- Born: 29 November 1792 Hartford, New York
- Died: 1881 (aged 88–89) Mount Lebanon Shaker Society, New Lebanon, New York
- Occupations: Artist, schoolteacher, tailor, song-writer, singer
- Known for: Gift drawings
- Parent(s): Issachar Bates and Lovina Maynard

Religious life
- Religion: Christianity
- Denomination: Shaker

= Sarah Bates (Shaker) =

American Shaker artist

Sarah Bates (November 29, 1792 – 1881) was an American Shaker artist.

Born in Hartford, New York, Bates was the daughter of Elder Issachar Bates, and entered Watervliet Shaker Village upon his conversion in 1801. Three years later she moved to the Mount Lebanon Shaker Society where she was to remain for the rest of her life. She was trained as a schoolteacher and "tailoress", and in both pursuits was associated with Polly Anne Reed, with whom she was a member of the First Order of the Church. She was likely a scribe for her community, and is known to have composed several songs as well. She also wrote at least one essay, and was active for a time as a deaconess. Her sister Betsey would become an Eldress at New Lebanon.
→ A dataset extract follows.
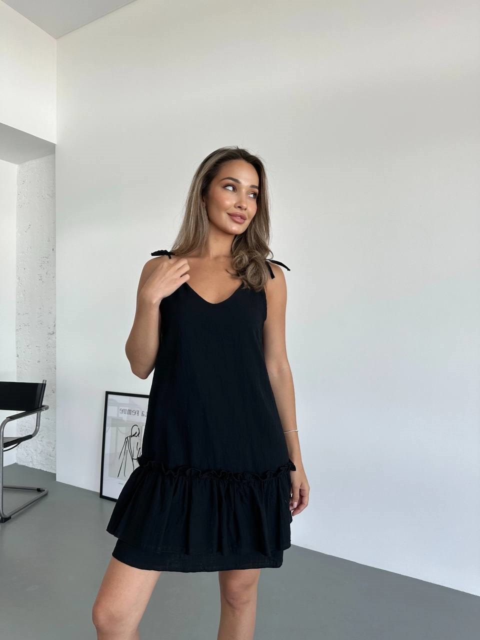 Головна » Магазин » Одяг » Сукня туніка сарафані » Легкий сарафан на бретелях-завязочках+воланчиком по низу лен жатка черный
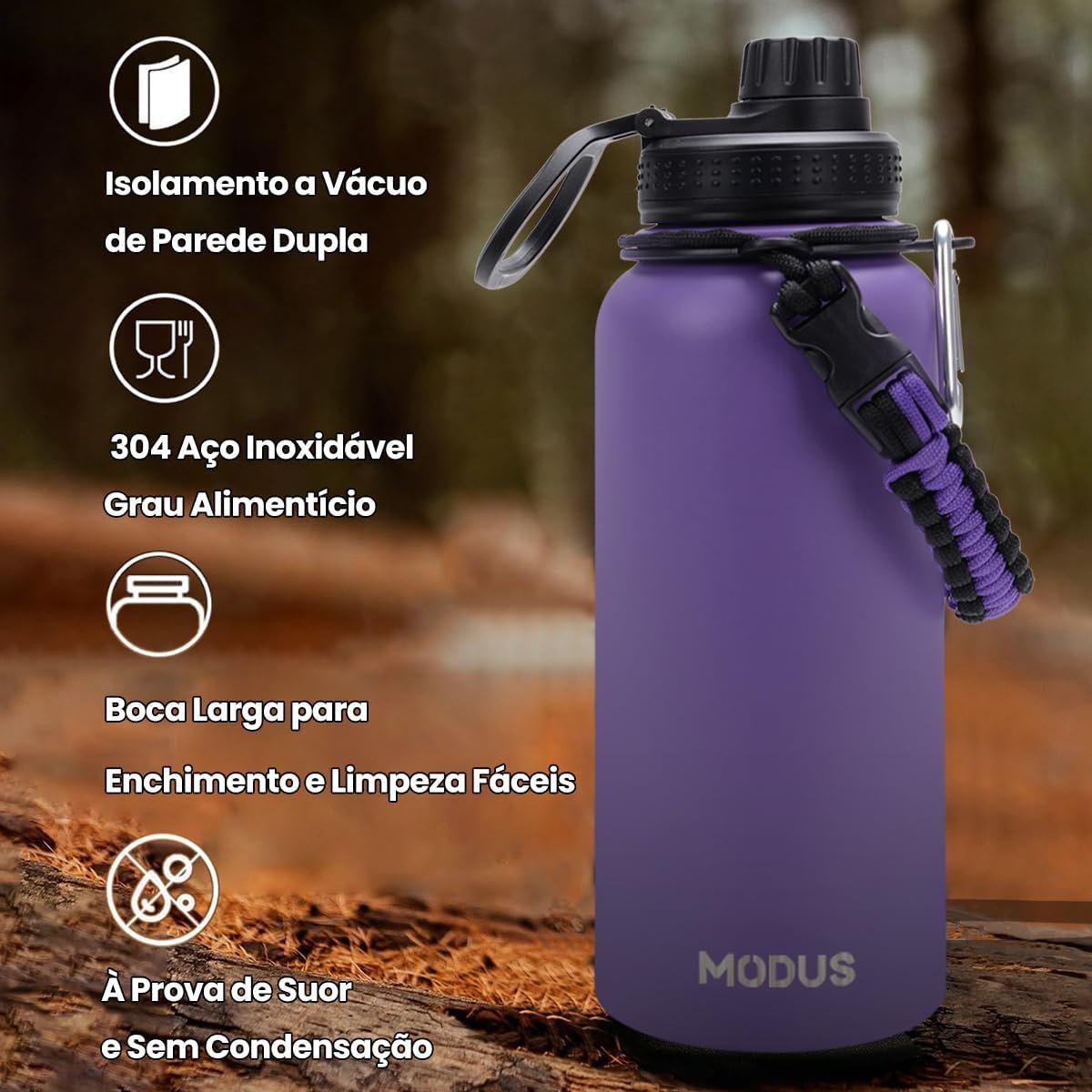 Garrafa Térmica De Água Isolada 1000ml Quente & Frio De Aço Inox Com Alça (Roxo)

Bates has been posited, by Daniel W. Patterson, as the creator of seventeen gift drawings produced during the Shaker Era of Manifestations. The case which he makes is circumstantial, based largely on his analysis of membership rolls of the First Order of the Church. The influence of Polly Reed can be seen on Bates' work, especially in the precision and elegance of its calligraphy and drawing. Patterson points to certain stylistic points as hallmarks of hers as well, including the shape of the dove which often appears in her drawings and the crosshatching used to delineate the surfaces of tree trunks and tables. Several of Bates' most complex drawings are "sacred sheets", gatherings of symbolic language that draw much of their iconography, such as Masonic symbols and images from gravestones and needlework samplers, from the world beyond the borders of the Shaker community. Bates has been described as a "seminal figure" in the field of gift drawings.

An untitled drawing by Bates, in pen and brush and colored inks over graphite, is owned by the Philadelphia Museum of Art.